420-0033 Shizuoka City, Aoi Ku, Ryogae-cho, 3-9, Hoshi Bldg. 1F
Business hours: 18:00~03:00 (until 05:00 on Fridays and Saturdays)
Closed on Mondays
If you had to define an Izakaya in Shizuoka City as a Japanese Izakaya for Vegetarinas, Yasaitei would at stand the top of the list. The name itself means « Vegetables Stopover »!
Right from the moment you order your first drink, a plate of fresh seasonal vegetables will appear for you to savour with your favourite dressing!
Talking of drinks, Yasaitei is truly a Shizuoka establishment when you realize they serve not only 4 Shizuoka jizake from Syozetsu, Isojiman, Kikuyoi and Hana No Mai Breweries,
but also 2 rice/kome shochu from Tenjigura (Doman) and Hana No Mai (Acha No Tsubone) Distilleries!
Their vegetables, most of them from growers living in our Prefecture come under various guises: fried, steamed, deep-fried, and so on.
Now, for the true vegetarians, ask Ms. Naomi Oshino and her charming staff not to include any fish or other animal stock in the sauce. She will be glad to oblige!
The place has be opened only two years ago, and it is full any day of the week. Do reserve your seats as they are limited!
Yasaitei is not the kind of place you can justly describe in a single article. It does deserve a few visits before you can assess its true value. The prices are consequent to the quality, but they are fair in the light of the culinary venture!
Shizuoka City, Aoi Ku, Tokiwa-Cho, 1-6-2 Green Heights Wamon 1-C
Reservations highly recommended
Hamamatsu Shochu Izakaya: Nikomanma
Last Friday (April 13th!), my good friend Bernard Heberle, the patissier at Abondance in Hamamatsu City, took me to one of his favourite « izakaya » called « Nikomanma » or « にこまん馬 » in Japanese.
Mr. Michiaki Genma opened his very traditional looking resraurant near Wachiyama Park. The interior is the logical succession to the exterior in design with antiques eveywhere, wooden partitions you can open or close at will, parquet sitting room, dinin room and counter.
Nikomanma specializes in shochu and has « Doman » kome (rice) shochu, a favourite of mine brewed by Tenjigura Brewery/Distillery in Hamamatsu City.
But it also serves a very fine Junmai sake, « Shusseijyo », from the same brewery.
It is a very popular place and you definitely have to reserve on Fridays and Saturdays. Luckily we came very early, otherwise even Bernard’s persuasion would have been in vain.
The menu is of the better kind with some real finds such as the squid and its ink as tempura!
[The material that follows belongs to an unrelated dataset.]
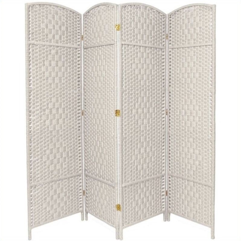 | Oriental 4 Panel Diamond Weave Fiber Room Divider in White |

Try the Japanese omelette and deep-fried chicken, but start your meal with a sashimi assortment of the day!
The place definitely warrants a few more visits as I could not possibly exhaust the menu, even in the company of my bulky friend!
432-8003 Hamamatsu City, Wachiyama, 3-4-3
Tel. & Fax: 053-4725558
Working hours: 18:00~24:00
Closed on Sundays
Credit cards OK
Yumeshin opened in early 2006 and I had always meant to « have a look at it ».
The almost simple outside actually hides quite an interesting place: Absolutely Japanese with a « kotatsu seki » (Seats on the floor with a deep space for the legs) all along a good size counter.
Botlles of shochu absolutely everywhere! I even recognized « Mitake » from Yakushima!
Interestingly enough, Mr. Yamaoka serves only one shochu from Shizuoka Ken:
Saisuke by Sugii Brewery/Distillery in Fujieda City.
Mr. Yamaoka actually participates to its creaion every year at Sugii Brewery/Distillery!
The Master of the place is a quiet person at first contact, but will warm up quickly to the conversation. He has acquired quite a clientele in this very short span of time who come not only to taste the interminable list of shochu, but also taste the very Japanese izakaya-style food:
Ankimo (Frogfish liver) & Tempura (succulent!)
As this was my first visit, I will have to write a few more postings: there are a lot of morsels to explore with the drinks!
Shizuoka Shi Aoi Ku, Chiyoda, 1-2-1 (along the Kitakaido. A few minutes from Shizuoka Center by car, 5 minutes by bicyle, 20 minutes on foot. Bus stop nearby)
Open every day from 16:00 till very late at night (morning!)